In a secret location on Torsca, deep within a mine was a band of scalekin that were standing around a group of Elfari prisoners.
Their hoods were decorated in a pattern of intricate runes, each a sign of their respective places in the hierarchy within the religious sects of the Verdant Hood. Lime green in color, these runes shifted with the magic that was coursing through each member.
Two among their number stood out the most, a gargantuan male with a massive glaive and crocodilian jaws, hard yellow eyes and slitted pupils. His prodigious body easily outclassed the other operatives, with a massive tail that moved with a serpent’s grace and speed. His obsidian scales made him look demonic in nature, but none dared tell that to his face.
His counterpart was a robed individual styled with a headdress, the icon of the Verdant Goddess upon the forehead of the hat, a green circle with a half moon underneath, followed by three pointed around a serpentine head. The priestess’ eyes glowed with holy power, coloring them in the verdant green of the Goddess. She sported a similar figure to the male, but while he was brute power and raw instinct, she was lithe, cunning and flexible in her stance. A warrior dancer with bright green scales with a blue hue to her underside. Her tail reflected this, a thin thing that was cast aside to allow her flexible legs, a rarity amongst her kind, the power she needed to move unlike any of her kin.
The male turned to face the dancer as their group worked to convert this newest batch of knife-ears, a taxing process without the ingredient they required.
Which was supposed to be delivered by now, if not for a most fortuitous encounter with a ship that no one recognized.
“You’re telling us that this vessel was shaped like nothing you’ve seen before?” He asked his co-commander.
The priestess Zala’taz turned an upturned nose at the bulky brute, her headdress concealing all but her eyes from him and their agents.
“Yes. It was a vessel that resembled the knife-ears and their strange tree ships, but everything about it was wrong. The shape, the way it felt to my magic senses, and especially that consciousness I sensed aboard the vessel, everything about that… that monstrosity was off. Thus I used the hymn of release to protect our mission here.”
The male scoffed, snapping his jaws in contempt, “those ships were not yours to handle, they were mine!

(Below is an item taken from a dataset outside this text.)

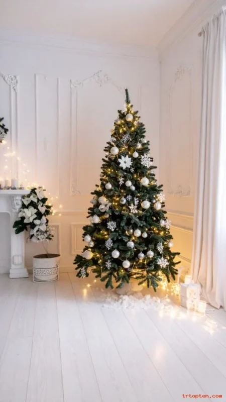 Use white ornaments, frosted picks, and icy silver accents for a snow-kissed look. Add cool white lights for an icy sparkle.

You cost us our reinforcements, our supply of the essence, and any hope of relaying this back to the motherdome! Our mission is now at risk because of it!”
The priestess however, was not moved by his rage, “fool, the mission pales in comparison to our forces being captured and probed by the Elves. Our Prophet demanded that I act, and thus I did, before the enemy could know the truth.”
The rest of the agents looked uncomfortable as Zala’taz turned to face them all, “remember this, death before you betray our Goddess. I will not allow any of us to be taken and used against our most holy.”
Without much force behind it, the male slashed in the direction of the high priestess, his glaive missing her by millimeters.
“While it may be your mission to keep us from betraying Inquisitor, it is mine to insure the mission does not fail before we lose more men to your insanity. You will not consign us to death until I deem it necessary. Do I make myself clear?”
Zala’taz looked to be ready to argue once more when a shake from above hinted at a possible earthquake, causing the agents to stop using their magic and instead use it to solidify the area around them.
The shake lasted for ten minutes before the aftermath was over, and the now drained scalekin sighed in relief.
“Damnit to the hells of the Burning Abyss. The magic has been interrupted and now we have no essence to continue and nothing to use to feed the prisoners!” The crocadlian spoke, his head shaking back and forth in measured anger.
The Inquisitor however seemed to be unperturbed by the events.
“No issue, they were becoming a liability anyway,” she said as she took her weapon out, an eerie glowing whip with a horrid skull at the end, covered in spikes that glowed pale green.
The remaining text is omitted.